◆ **TASK PROMPT**:
Lower down are entries containing pictures. Copy exactly, without those pictures, the lines from the line with "Painted stars and" through the line with "Includes 10 Ultra".

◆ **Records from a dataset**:
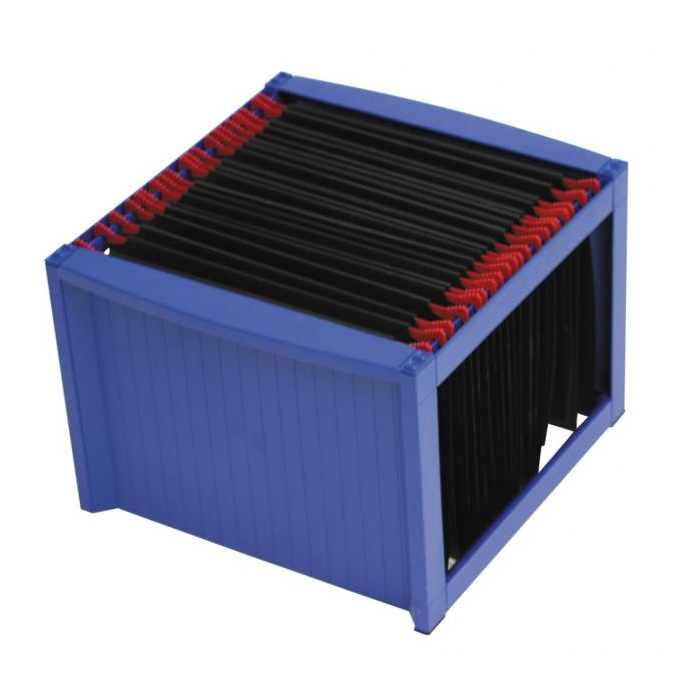 Zásobník vhodný na závesné obaly A4 s prístupom zhora. Jednoduchá montáž, možnosť stohovania. Kapacita cca 40 závesných obalov typu V.
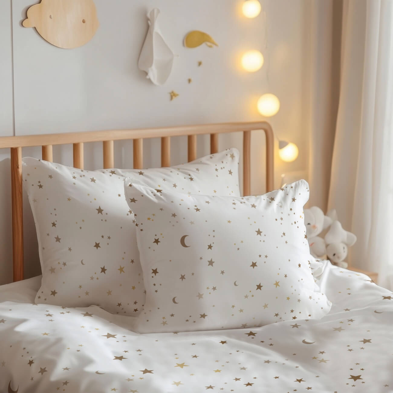 Painted stars and moons that seem to shine. 100% cotton sateen. Read more below.
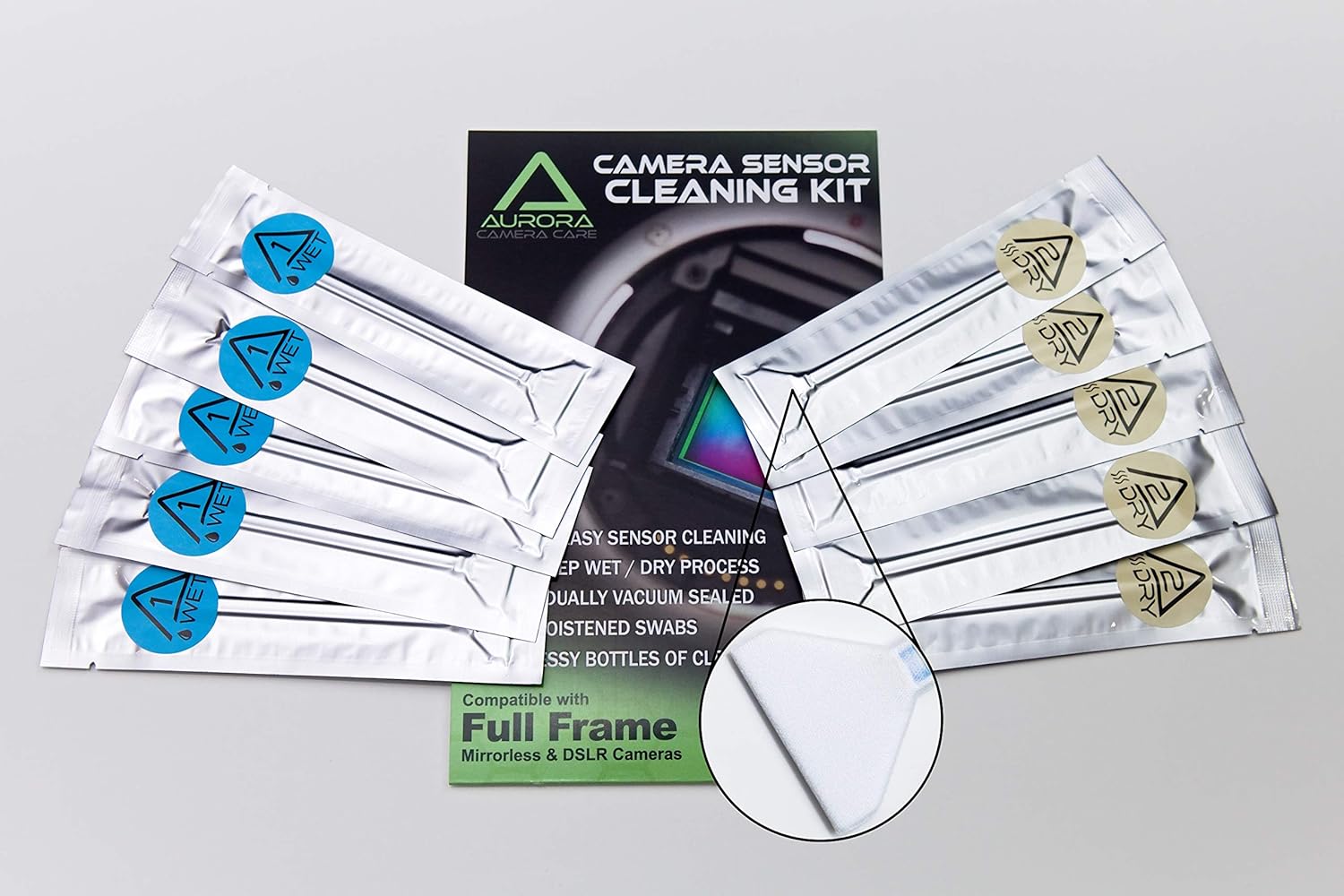 Includes 10 Ultra Soft Two-Ply Microfiber Cleaning Swab individually cleanroom vacuum sealed to be 100% dust and lint free. They come in 5 sets of (5) Pre-moistened Swabs with the exact amount of our specially formulated sensor safe cleaner and (5) Dry Swabs to around out our safe and easy two-step sensor cleaning process.
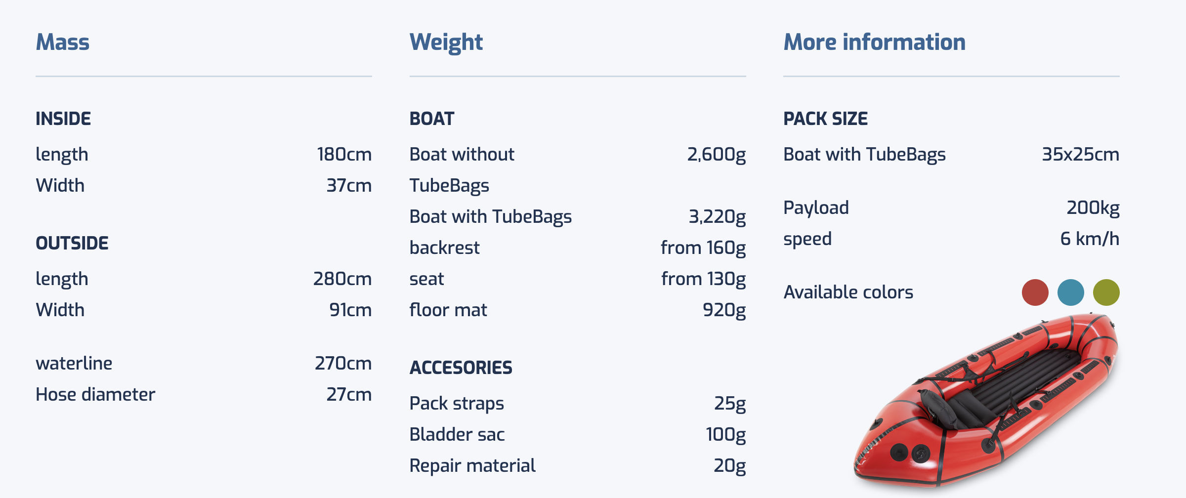 Long packrafts of around 2.8 metres offer more packing space and less annoying bow yawing, have a kayak-like, central solo paddling position with a level trim, but can fit a second paddler or a bike, as well as reach speeds up to 6kph. All for less than a kilo in mass. They are Pakayaks: the best of both worlds.
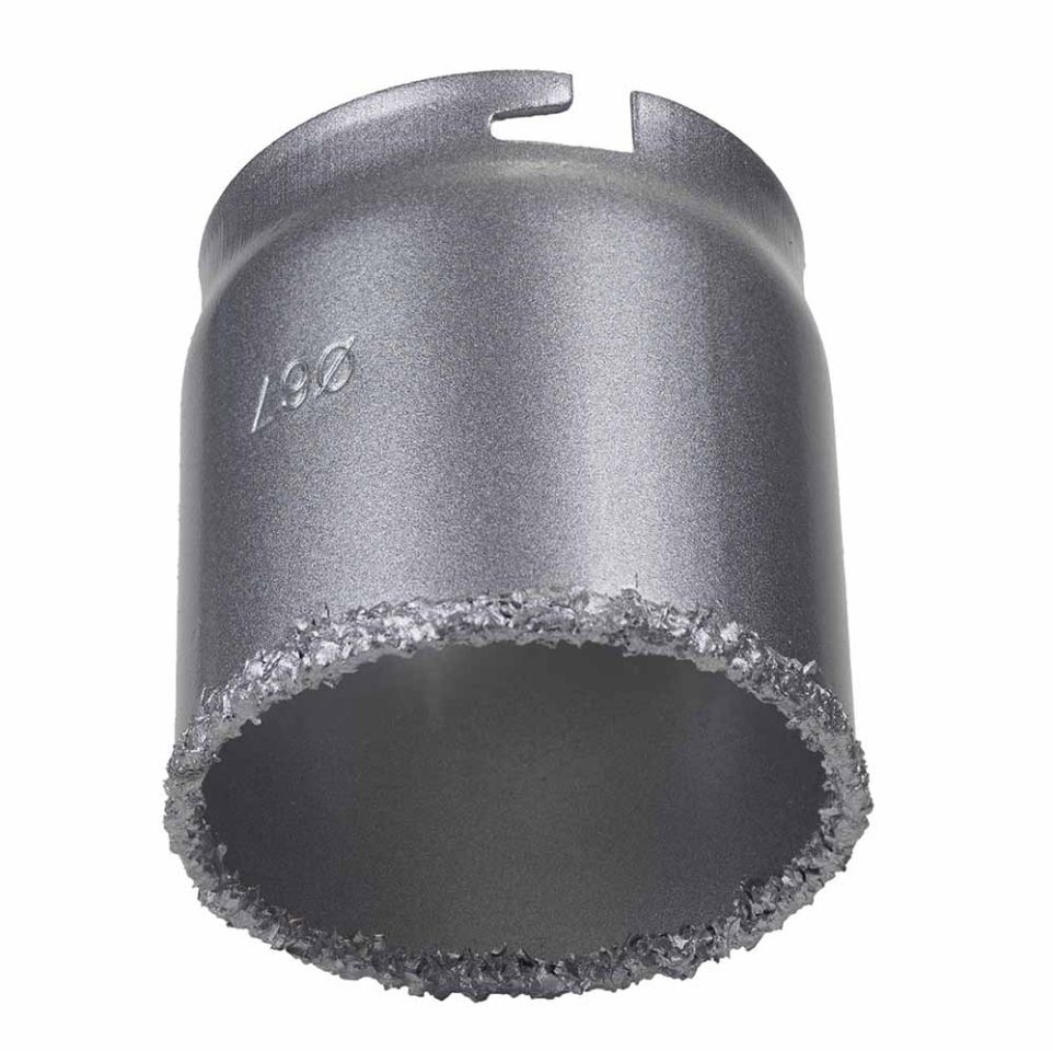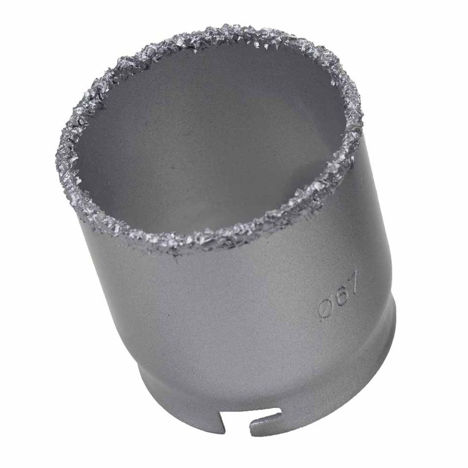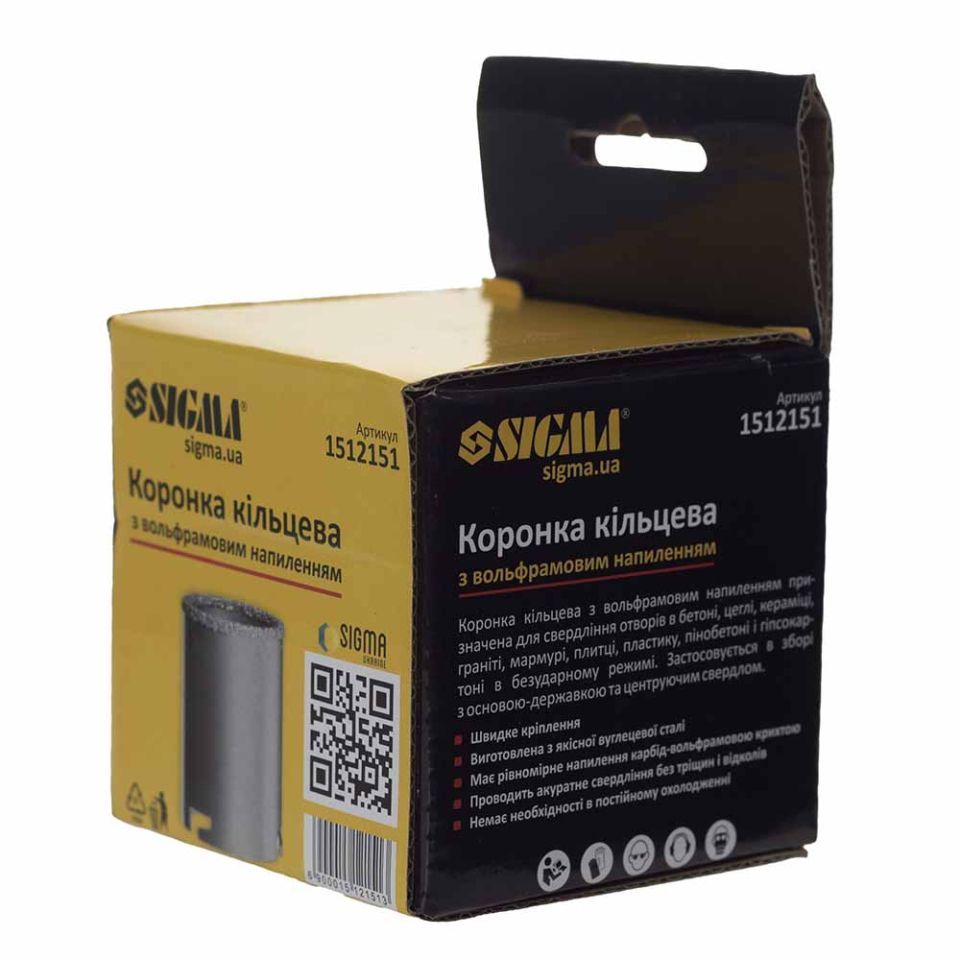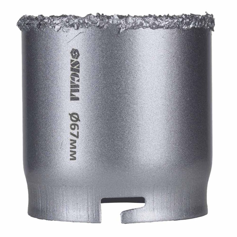Коронка кільцева з вольфрамовим напиленням 67мм SIGMA (1512151) призначена для свердління отворів у бетоні, цегли, кераміці, граніті, мармурі, плитці, пластику, пінобетоні та гіпсокартоні в ненаголошеному режимі.

◆ **RESPONSE TO THE TASK**:
 Painted stars and moons that seem to shine. 100% cotton sateen. Read more below.
 Includes 10 Ultra Soft Two-Ply Microfiber Cleaning Swab individually cleanroom vacuum sealed to be 100% dust and lint free. They come in 5 sets of (5) Pre-moistened Swabs with the exact amount of our specially formulated sensor safe cleaner and (5) Dry Swabs to around out our safe and easy two-step sensor cleaning process.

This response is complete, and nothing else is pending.